↓↓↓

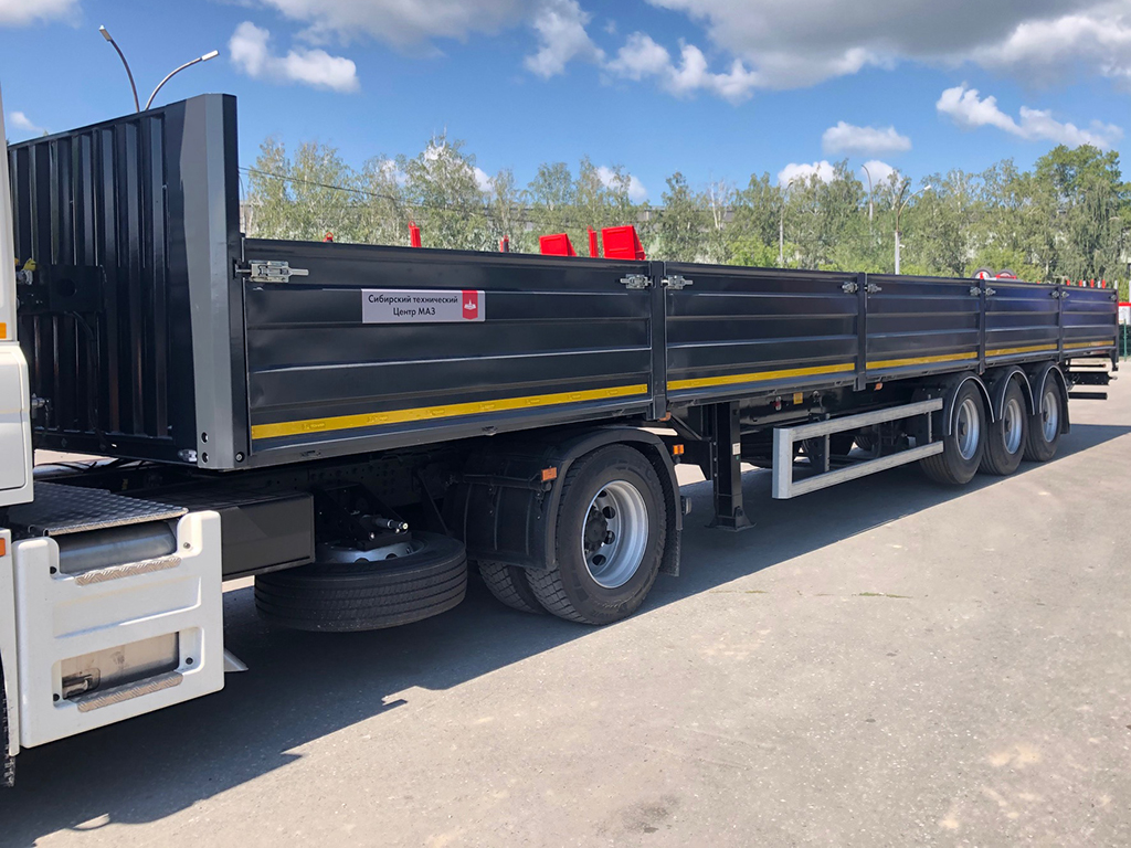 Отгрузка бортового полуприцепа с кониками.
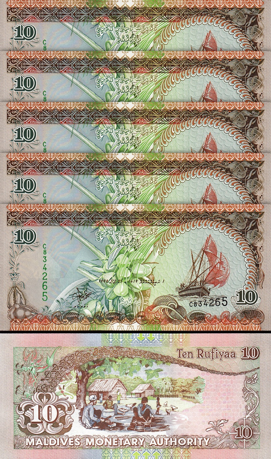 Maldives 10 Rufiyaa 1998, P-19a, Prefix C
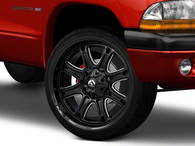 Application. This Fuel Wheels Darkstar Gloss Black Milled 6-Lug Wheel; 22x9; 1mm Offset, with a backspace of 5.039 Inch, 128mm; and bolt pattern of 6 x 114.3mm (6 x 4.5-Inch), is designed to fit the 1997-2004 Dakota . The precise specifications of the wheel ensure proper alignment and driving stability, perfectly complementing the vehicle's model. Sold individually.
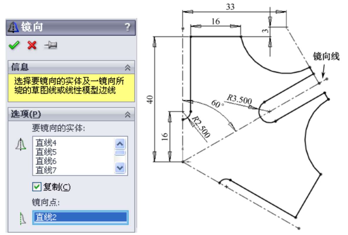 ,以交叉窗口方式(从右向左拖拉)框选草图右部,如图 2-49 所示,单击右键,选择竖直中心线,再单击右键,镜向结果如图 2-50 所示。
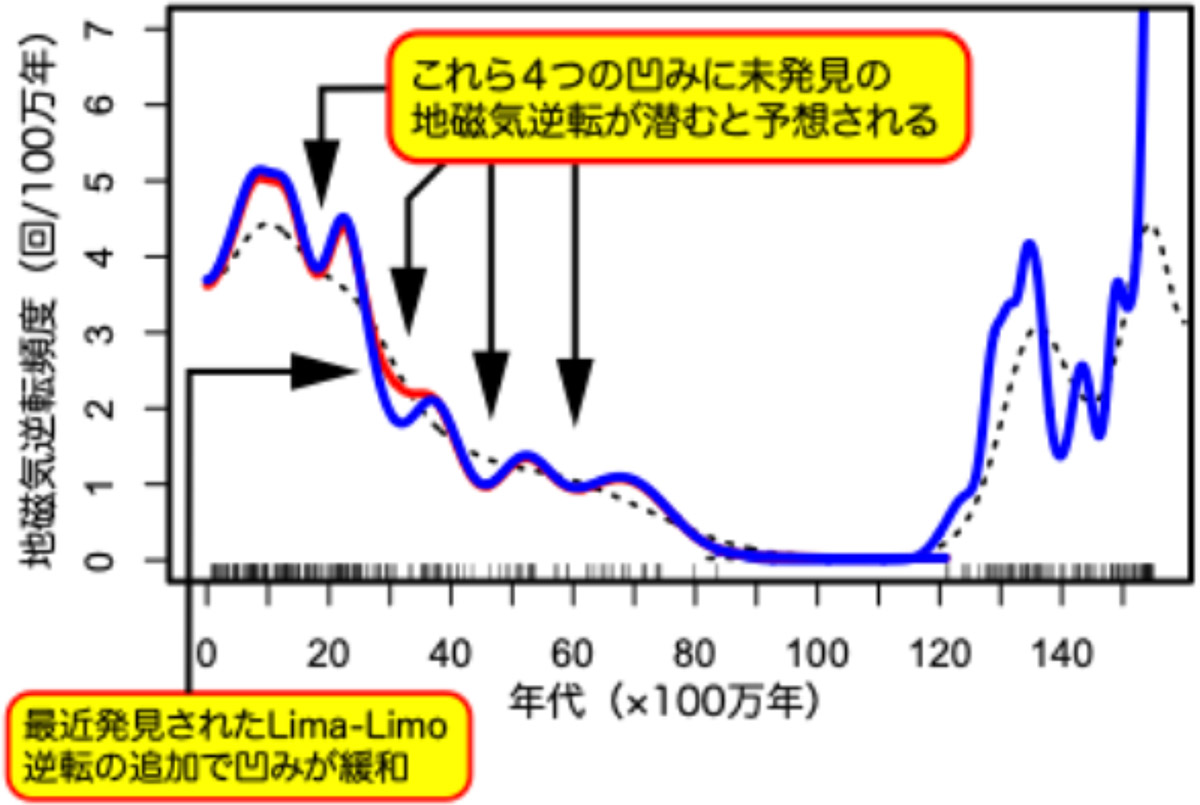 図2:滑らかな地磁気逆転頻度(黒の点線)(Constable, 2000のデータに基づき作図)と、本研究で推定された詳細な逆転頻度(青線)(地磁気極性年代表:Ogg, 2020, https://doi.org/10.1016/B978-0-12-824360-2.00005-Xのデータを利用)。赤線は近年発見された新しい地磁気逆転(Lima-Limo逆転:Ahn et al., 2021, https://doi.org/10.1093/gji/ggaa557; Yoshimura et al., 2023, https://doi.org/10.1029/2022GL102560)を加えたOgg(2020)の地磁気極性年代表に基づく逆転頻度。下部の黒い縦線は地磁気逆転が発生したタイミング。
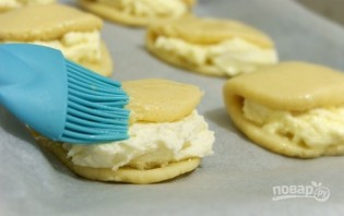 6. Взбейте ранее отложенную половинку желтка с ложкой воды или молока. Смажьте с помощью кисточки "Сочники" и отправьте в духовку. Выпекайте до румяности минут 20. Перед подачей присыпьте сахарной пудрой.

↑↑↑

THE PROBLEM → Every line of the listing must be reproduced exactly, though the pictures are to be left out.

WRITTEN ANSWER →
 Отгрузка бортового полуприцепа с кониками.
 Maldives 10 Rufiyaa 1998, P-19a, Prefix C
 Application. This Fuel Wheels Darkstar Gloss Black Milled 6-Lug Wheel; 22x9; 1mm Offset, with a backspace of 5.039 Inch, 128mm; and bolt pattern of 6 x 114.3mm (6 x 4.5-Inch), is designed to fit the 1997-2004 Dakota . The precise specifications of the wheel ensure proper alignment and driving stability, perfectly complementing the vehicle's model. Sold individually.
 ,以交叉窗口方式(从右向左拖拉)框选草图右部,如图 2-49 所示,单击右键,选择竖直中心线,再单击右键,镜向结果如图 2-50 所示。
 図2:滑らかな地磁気逆転頻度(黒の点線)(Constable, 2000のデータに基づき作図)と、本研究で推定された詳細な逆転頻度(青線)(地磁気極性年代表:Ogg, 2020, https://doi.org/10.1016/B978-0-12-824360-2.00005-Xのデータを利用)。赤線は近年発見された新しい地磁気逆転(Lima-Limo逆転:Ahn et al., 2021, https://doi.org/10.1093/gji/ggaa557; Yoshimura et al., 2023, https://doi.org/10.1029/2022GL102560)を加えたOgg(2020)の地磁気極性年代表に基づく逆転頻度。下部の黒い縦線は地磁気逆転が発生したタイミング。
 6. Взбейте ранее отложенную половинку желтка с ложкой воды или молока. Смажьте с помощью кисточки "Сочники" и отправьте в духовку. Выпекайте до румяности минут 20. Перед подачей присыпьте сахарной пудрой.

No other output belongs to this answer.